Looking forward
Just as markets price-in expectations about corporate profits, terrorist outrages, hiked taxes, etc., political parties adjust to the events they see looming on the horizon.
Both main parties are pricing-in a win on Nov. 4 for Sen. Barack Obama (Ill.) and the Democrats, and defeat for Sen. John McCain (Ariz.) and the Republicans.
Tokens of this assumption (or calculation) are everywhere, and a few recently stand out. One was the prediction last week by Speaker Nancy Pelosi (D-Calif.), in an interview with Charlie Rose, that she would have a caucus of about 250 Democrats in the 111th Congress.
Pelosi carefully avoided such predictions in the previous election cycle, having seen her predecessor, then-Rep. Richard Gephardt, humiliated by a wildly wrong forecast in 2002. But now Pelosi clearly believes victory is certain — few would disagree with her — and has cast constraint aside.

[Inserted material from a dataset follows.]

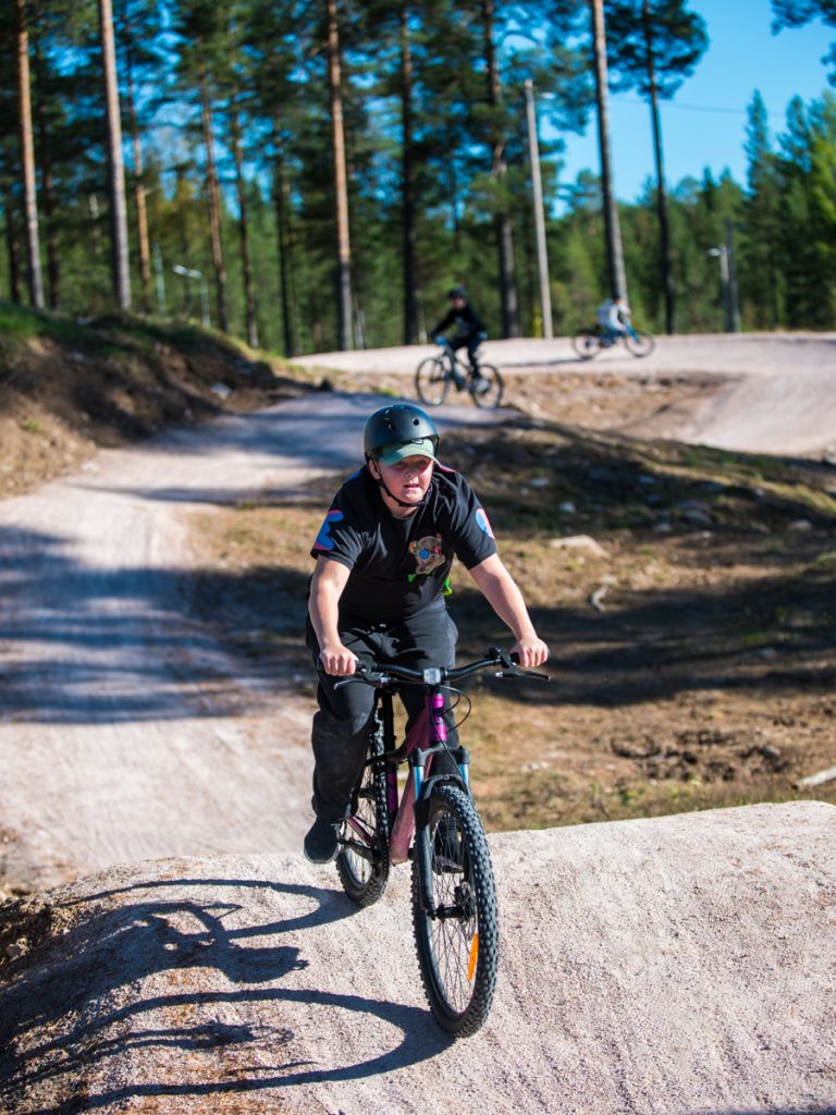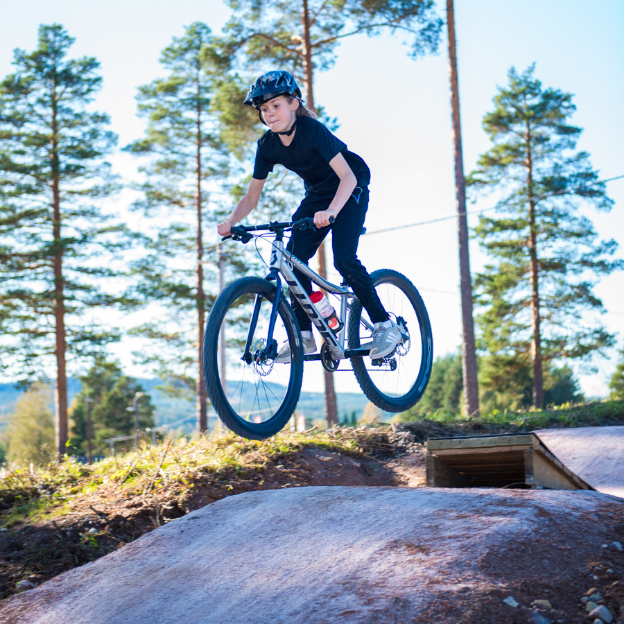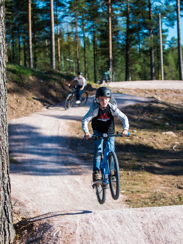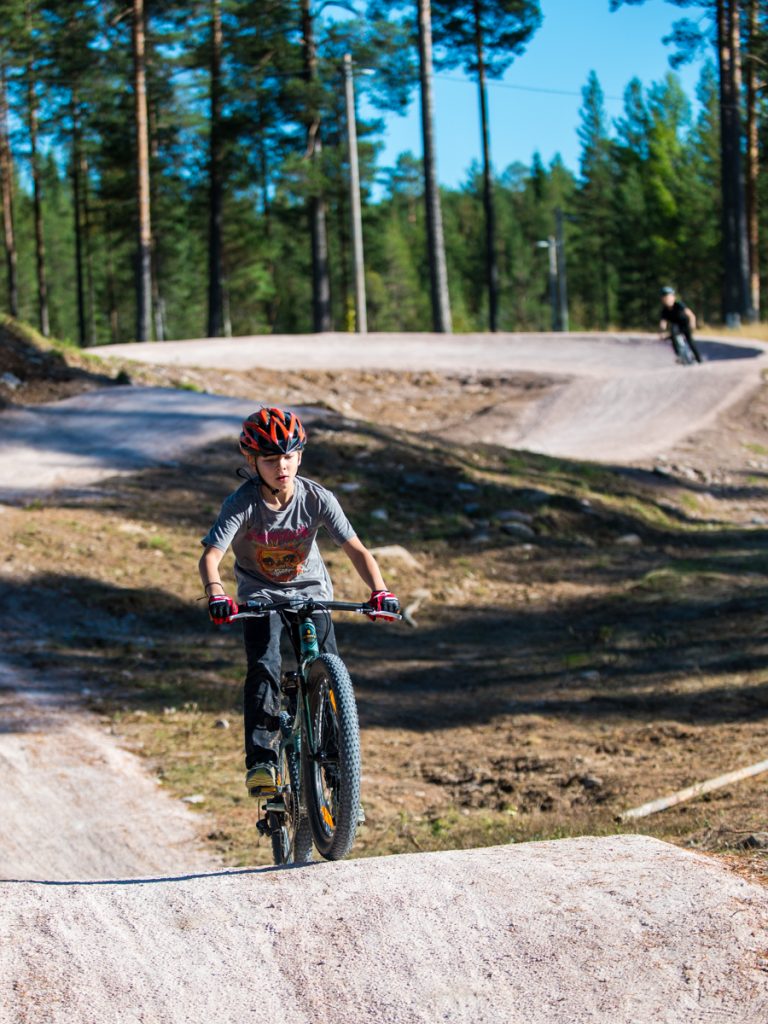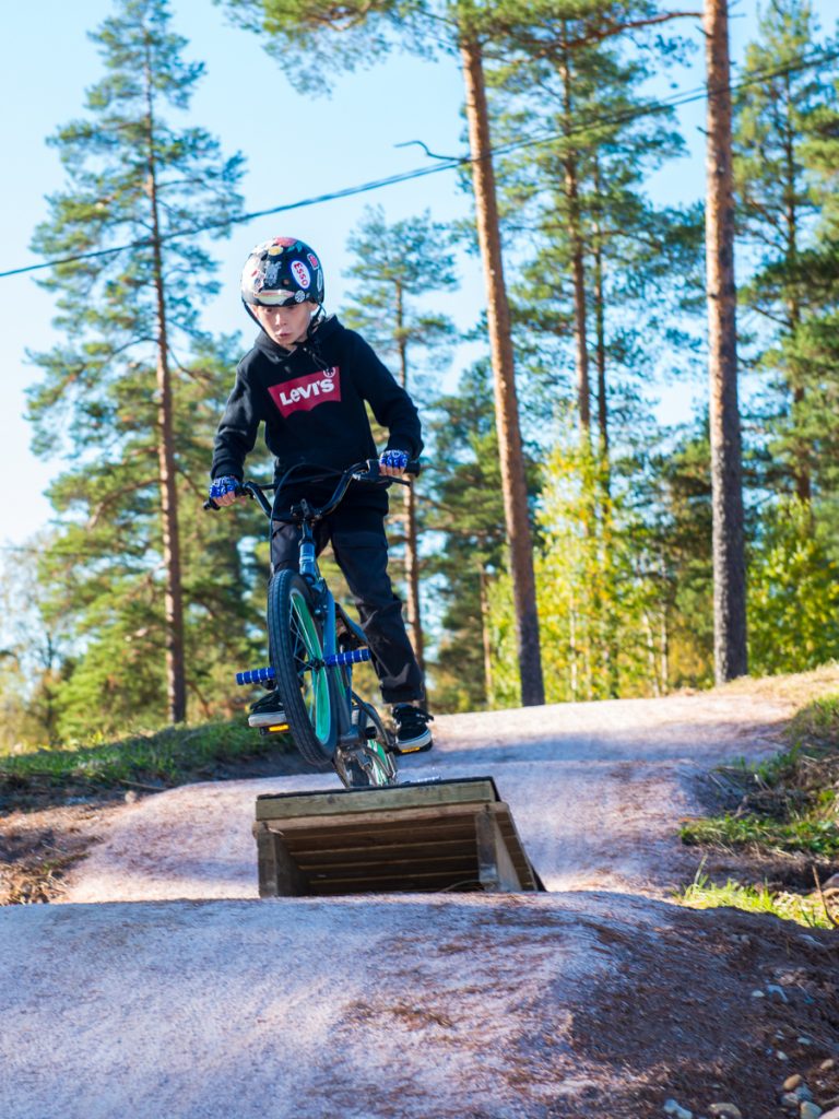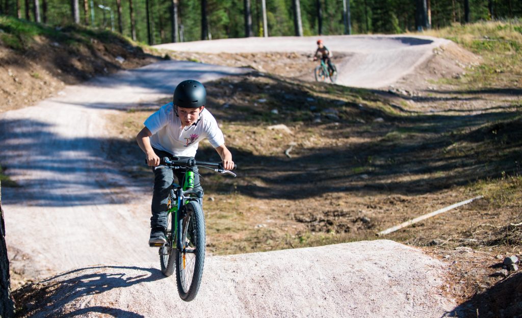 Skratt, damm och studsande cyklar fyller luften intill Skinnarloppsspåret. På den nybyggda cykelbanan testar barn och ungdomar sina gränser – och hoppen, de är dagens stora höjdpunkt.

Democrats’ assumption of a big win is clear, too, in the way they are lining up favorite old policy ideas that were once stymied by less lopsided Congresses or by the Republican president.
Card check, which would end secret ballots for union organization at workplaces, seems certain to move forward. Older chestnuts, such as the Fairness Doctrine mandating equal time for opposing views in the media, are also jostling for attention.
On the other side of the aisle, Republicans are acting on the reciprocal assumption that they are going down to defeat. The expectation of GOP losses has stoked debate about the future of the Republican Party not merely for weeks or months, but for more than a year. Questions about what it means to be a conservative, and what center-right policies should be in the post-Reagan age of reduced taxation, are roiling Republican ranks.
Gen. Colin Powell’s endorsement of Obama on Sunday can be seen in the same light. He did not merely back the Democrat but took several swipes at his own party, suggesting implausibly that McCain’s candidacy shifted his party to the right. (In truth, the nominee has long been regarded with suspicion by the right wing.)
Powell’s deliberately protracted assault on the party’s direction was pricing-in defeat on Nov. 4 and should be seen as a salvo in the already hot war over the soul of the GOP. Powell, a centrist, does not want McCain’s defeat, if or when it comes, to trigger a rightward shift by Republicans.
Internecine squabbles break out after defeat. Fingers are pointed and the people ask, Who lost this for us? Powell and other Republicans are looking past election defeat and are now fighting mainly over the direction of the GOP.
Likewise, Democrats are already looking past victory and undertaking the enjoyable task of deciding which items from their long agenda will be on the first congressional train leaving the station in February 2009.